Work required :: Scan the data for "with" and copy each matching line.

Given data ::
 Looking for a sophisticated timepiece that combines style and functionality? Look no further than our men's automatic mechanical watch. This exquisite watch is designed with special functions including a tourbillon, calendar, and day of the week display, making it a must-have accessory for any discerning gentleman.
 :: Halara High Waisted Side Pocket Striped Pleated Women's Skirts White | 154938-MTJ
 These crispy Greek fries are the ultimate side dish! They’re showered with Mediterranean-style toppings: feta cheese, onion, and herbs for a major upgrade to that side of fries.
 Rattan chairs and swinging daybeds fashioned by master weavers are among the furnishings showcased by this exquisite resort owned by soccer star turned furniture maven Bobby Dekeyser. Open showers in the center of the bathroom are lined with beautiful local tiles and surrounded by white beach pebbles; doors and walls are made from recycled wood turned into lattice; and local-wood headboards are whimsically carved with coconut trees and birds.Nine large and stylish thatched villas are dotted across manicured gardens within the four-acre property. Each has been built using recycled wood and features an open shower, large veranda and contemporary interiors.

---

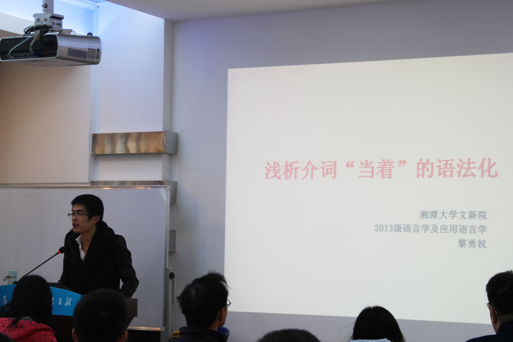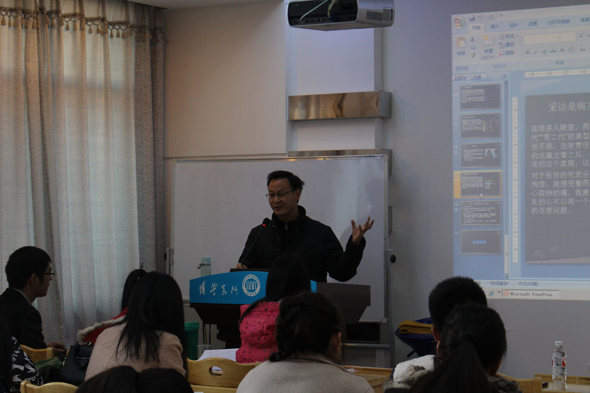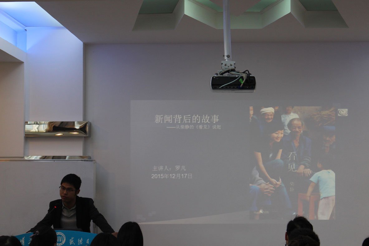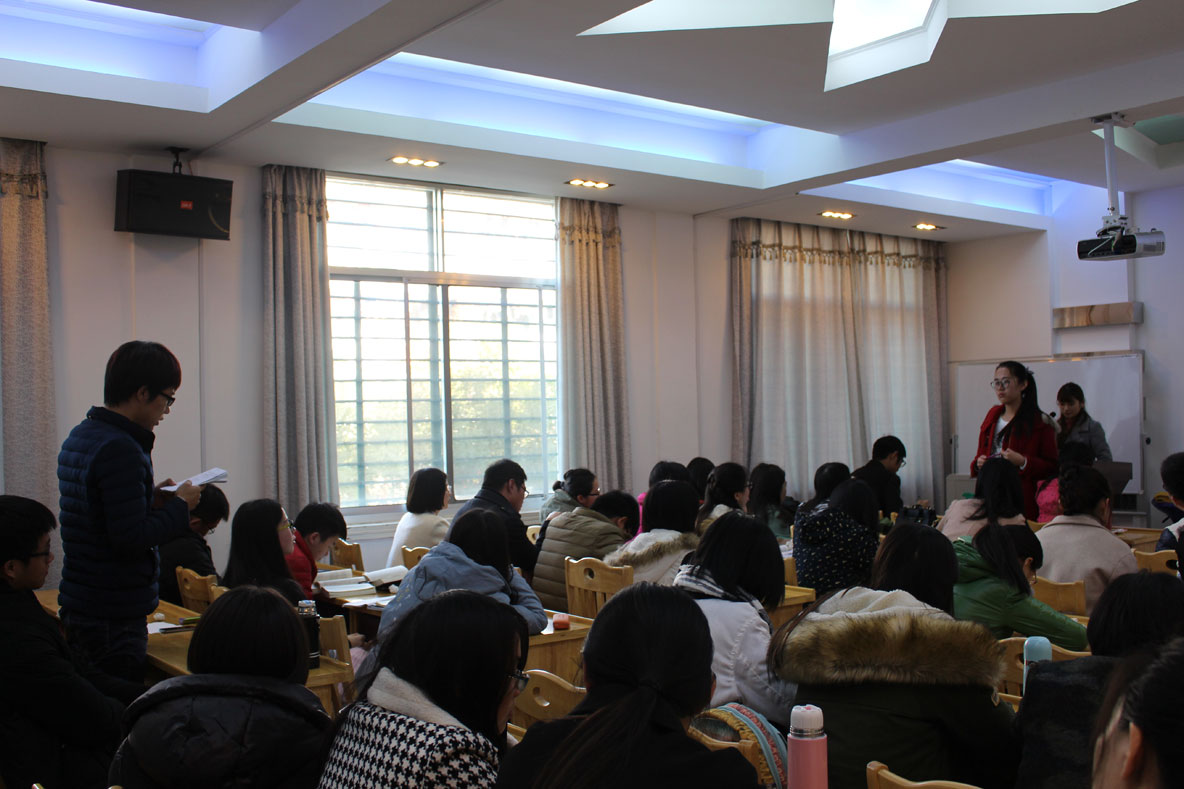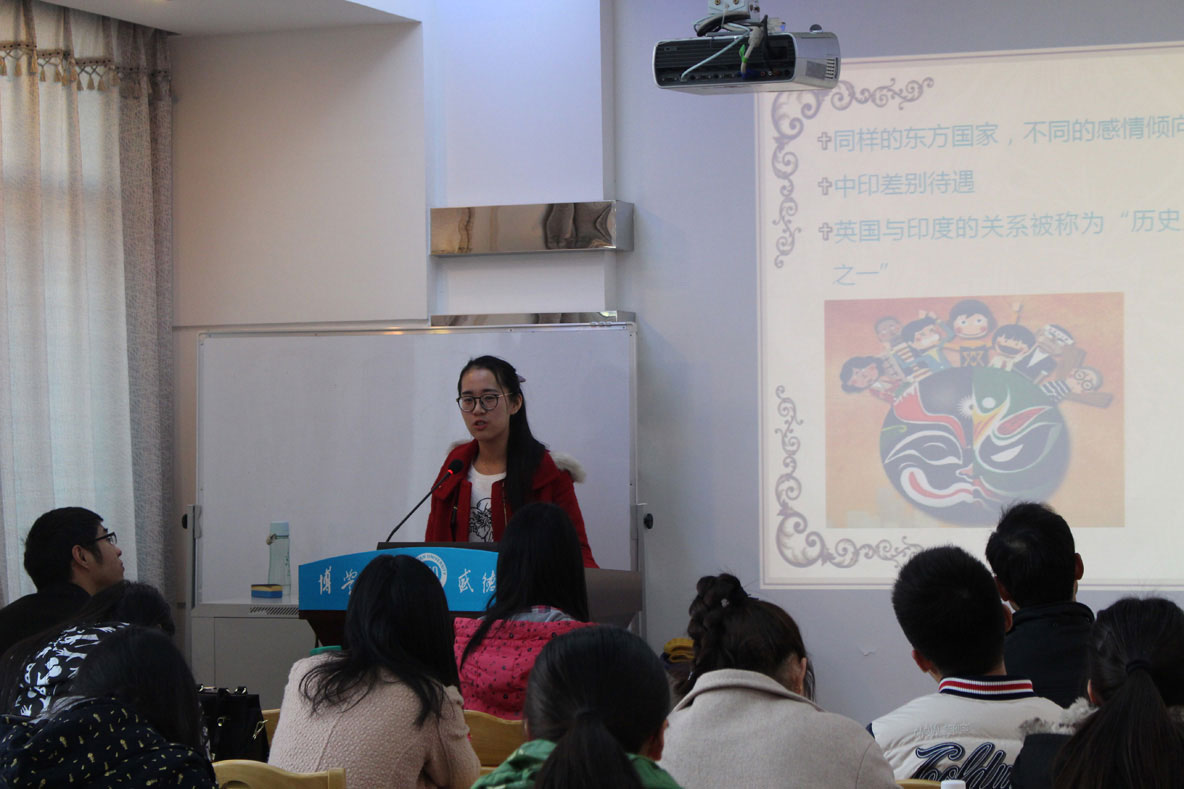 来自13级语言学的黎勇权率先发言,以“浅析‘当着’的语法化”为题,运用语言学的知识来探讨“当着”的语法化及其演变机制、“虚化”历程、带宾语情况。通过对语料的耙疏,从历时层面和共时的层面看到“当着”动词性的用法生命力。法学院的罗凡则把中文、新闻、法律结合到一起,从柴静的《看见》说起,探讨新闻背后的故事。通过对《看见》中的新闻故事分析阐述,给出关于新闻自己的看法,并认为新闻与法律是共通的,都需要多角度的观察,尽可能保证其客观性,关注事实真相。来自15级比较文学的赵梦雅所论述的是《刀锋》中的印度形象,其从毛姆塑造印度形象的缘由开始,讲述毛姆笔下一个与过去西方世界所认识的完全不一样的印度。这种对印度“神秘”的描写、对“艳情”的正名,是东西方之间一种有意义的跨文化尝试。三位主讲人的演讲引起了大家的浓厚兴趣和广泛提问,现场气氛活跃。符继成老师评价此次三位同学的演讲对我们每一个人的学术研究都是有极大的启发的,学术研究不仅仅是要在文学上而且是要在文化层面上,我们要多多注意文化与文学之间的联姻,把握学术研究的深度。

Result of this task ::
 Looking for a sophisticated timepiece that combines style and functionality? Look no further than our men's automatic mechanical watch. This exquisite watch is designed with special functions including a tourbillon, calendar, and day of the week display, making it a must-have accessory for any discerning gentleman.
 These crispy Greek fries are the ultimate side dish! They’re showered with Mediterranean-style toppings: feta cheese, onion, and herbs for a major upgrade to that side of fries.
 Rattan chairs and swinging daybeds fashioned by master weavers are among the furnishings showcased by this exquisite resort owned by soccer star turned furniture maven Bobby Dekeyser. Open showers in the center of the bathroom are lined with beautiful local tiles and surrounded by white beach pebbles; doors and walls are made from recycled wood turned into lattice; and local-wood headboards are whimsically carved with coconut trees and birds.Nine large and stylish thatched villas are dotted across manicured gardens within the four-acre property. Each has been built using recycled wood and features an open shower, large veranda and contemporary interiors.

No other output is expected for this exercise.